EGLIN AIR FORCE BASE, Fla --
“I tell my kids this, and I tell the people I work with, you learn more from mistakes you make than me telling you how great you are every day of your life,” said Tech. Sgt. Mack West, 2020 outstanding instructor award recipient.
As the aircrew flight equipment superintendent, West shares his years of experience, and personal lessons with the military community, his family and friends.
West earned Air Force recognition for furthering the capabilities of the training mission and being an outstanding asset to the AFE community and the 33rd Fighter Wing.
His enthusiasm for education is the bedrock of his professional success, but at its start wasn't intended for the military. West planned to complete his six year commitment, get out, then teach high school, but as he put it, life happened. Soon, he found himself behind the podium developing and instructing future generations of parachute riggers across the Army, Marines and Air Force.
West taught at the schoolhouse in Fort Lee, Virginia, where he learned to adjust his teaching style to the different dynamics of a joint force classroom.
“It was really cool to experience the different branches and to be able to teach them,” said West with a broad smile. “To see the different aspects of how people learn and what motivates people to learn.”
That lesson carried over into his personal life, as he and his wife homeschool their children.
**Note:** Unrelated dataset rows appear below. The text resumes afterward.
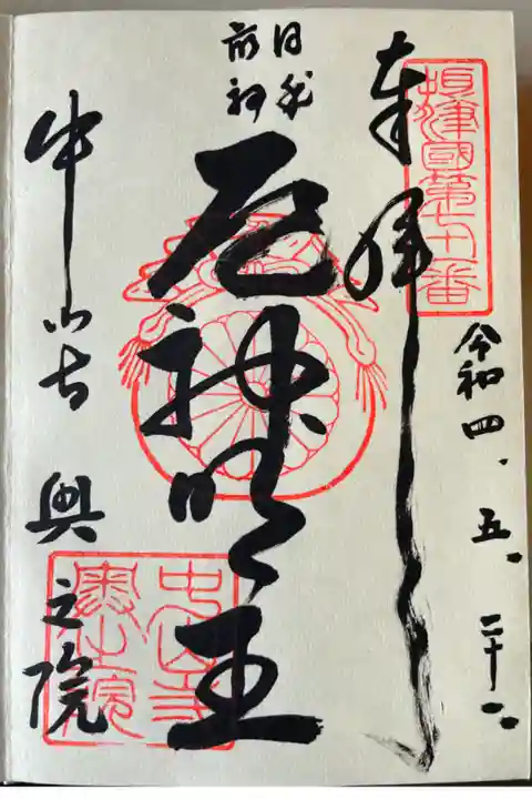 慶長8年(1603)豊臣秀頼が中山寺を再興するまでは、この奥の院が当時の大伽藍だったそうです。応神天皇の御代、巷に疫病が流行り、こちらに天皇は使いをつかわされ、天神地祇をまつり、悲運の皇兄の忍熊皇子の鎮魂供養をされたところ、たちまちおさまったそうで、これが、御朱印にも書かれてある「日本最初の厄神明王」の草創とされるとか。😯
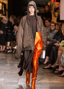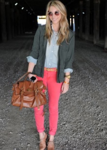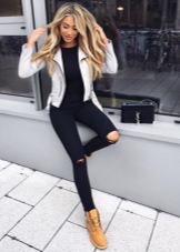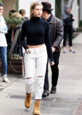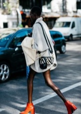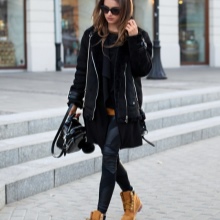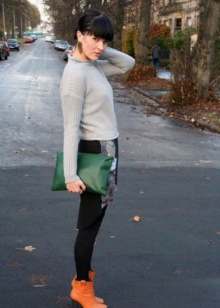 Fashionable shoes in spectacular colors can fit into almost any outfit. The most successful combinations will be with blue jeans (skinny or boyfriends), as well as denim breeches and shorts. Upstairs you can wear a T-shirt, turtleneck or sweater. In the cooler season, warm leggings with a parka or jacket will look spectacular with timberlands.
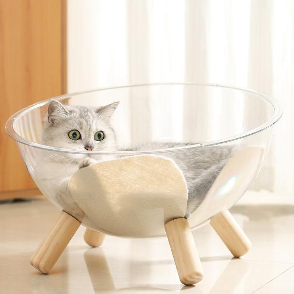 42cm大空間・木製脚付き宇宙船型猫ベッド・四季兼用 PS0195
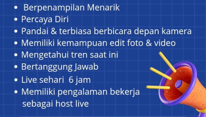 - Pengalaman: Diutamakan bagi yang memiliki pengalaman kerja sebelumnya sebagai Host Live.

West adjusts his teaching style for each of his children based on their personalities and learning styles.
West said he would never try the same techniques with his daughter as he would with his son, or one branch of service the same as another.
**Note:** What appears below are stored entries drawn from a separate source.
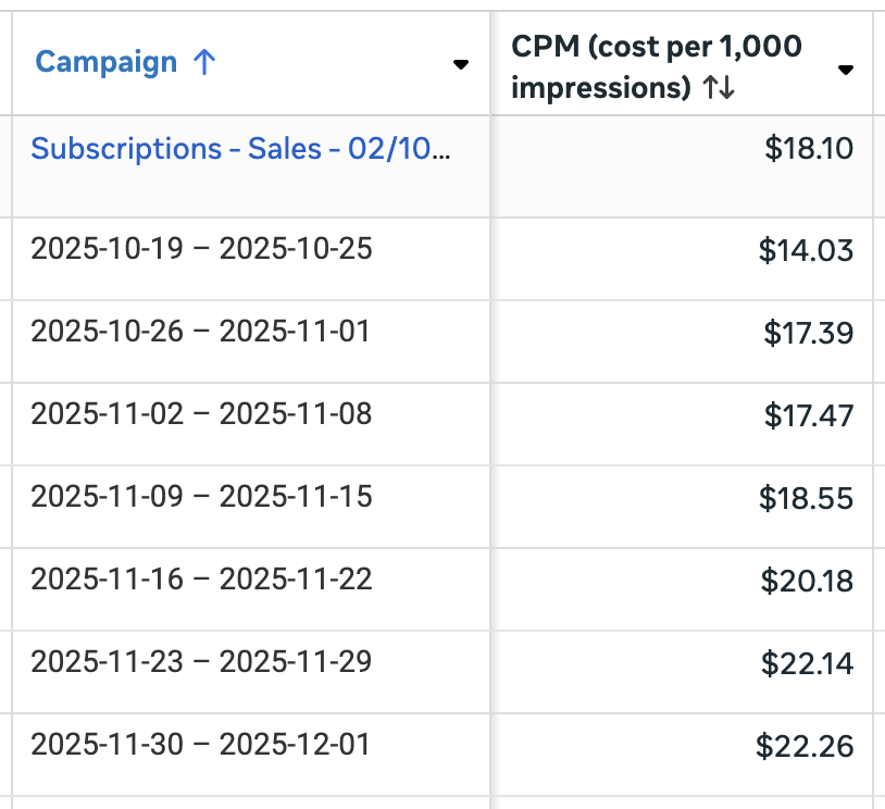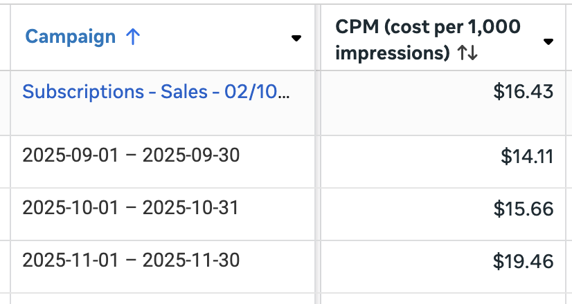 Right here’s a breakdown by month of CPM for a single marketing campaign from September by means of November…
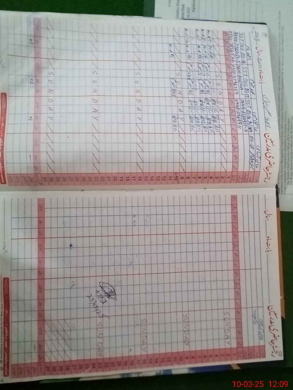 | CNIC | Full Name | Designation | R/C | Absence During Last Calender Month |
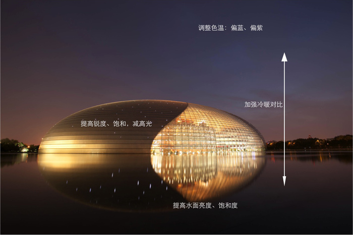 天空变成了蓝紫色,更梦幻了。但天空过亮,过于抢主体,需要压暗一些。

In West’s opinion, each service branch, and member, has a different way of learning, and for West, finding out how to motivate each person gets him excited to go to work every day.
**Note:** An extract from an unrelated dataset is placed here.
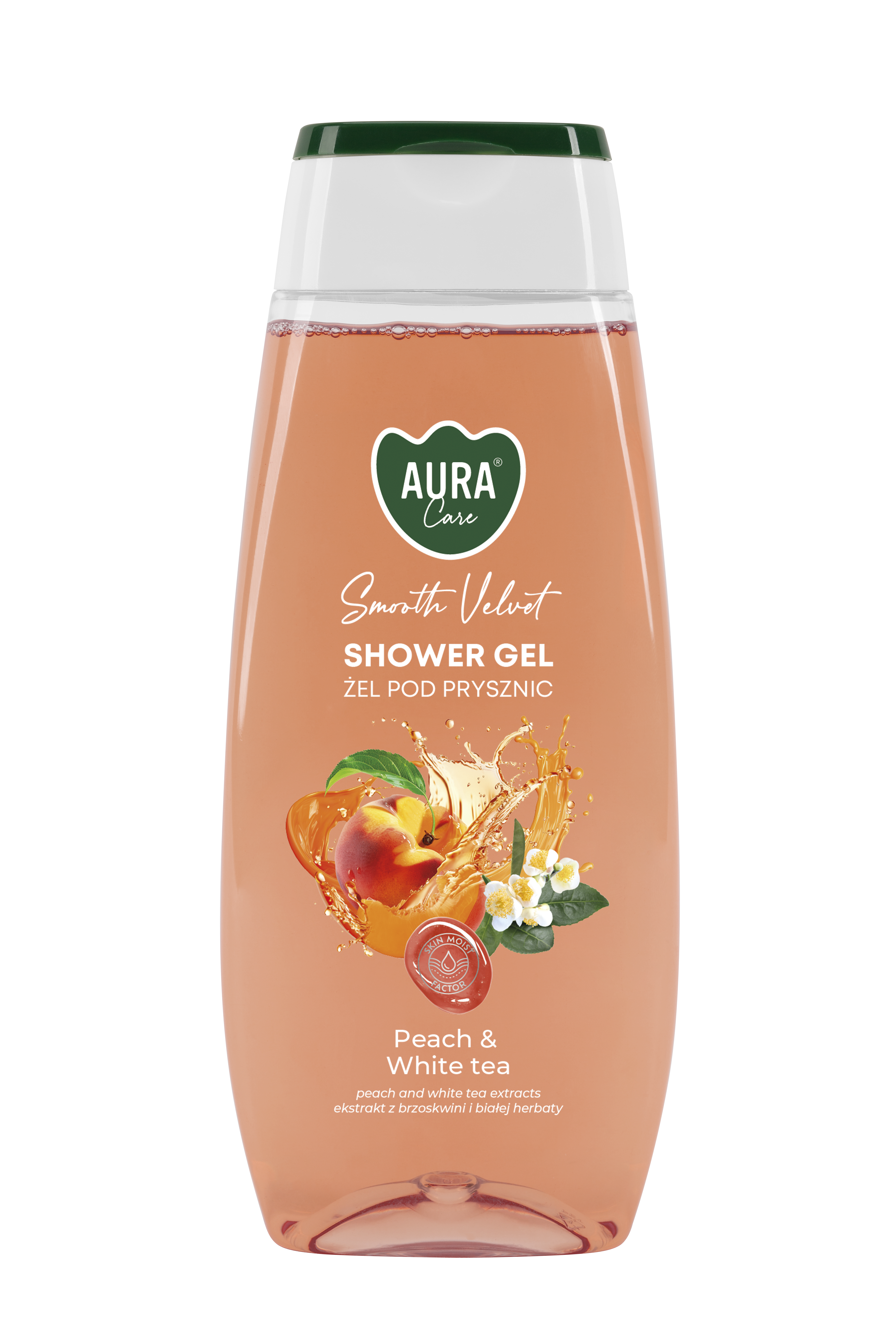 Aura Care Peach and White tea shower gel is an excellent choice for those who value freshness and natural care. Its clear, tinted formula with a moisturizing complex and glycerin provides skin with intense hydration and a silky-smooth feel. The subtle scent of juicy peach and light white tea energizes and puts you in a good mood every day.

West taught parachute rigging for four years before he joined the 33rd FW a little over seven months ago. Here, he’s tasked with supervising our AFE shop and preparing Airmen to brief the pilots on the equipment their lives depend on.
“You’re the first line of what these pilots see; they need to know you’re confident in what you’re doing,” said West. “We want the men and women wearing our equipment to know they’re going to be safe.”
He recalls what was drilled into him as a new instructor; everything starts with training.
“If these guys aren’t being trained right from the very beginning, they’re going to bring that to the next person,” said West.
Even as the 33rd Operations Squadron AFE superintendent, he continues to help the survival equipment community. He readily seeks out training opportunities and receives requests for assistance with AFE training.
For example, at the beginning of March he assisted, packed and prepared new parachutes to help establish a new unit of free-fall parachute jumpers in lieu of the backlogged pandemic numbers.
West said, if he could impart one thing to other instructors and students, it would be being able to take constructive criticism.
“Be honest, and don’t be afraid,” said West. “If there are mistakes being made out there, let's point them out, let’s fix it. That’s the only way we're going to get better at it.”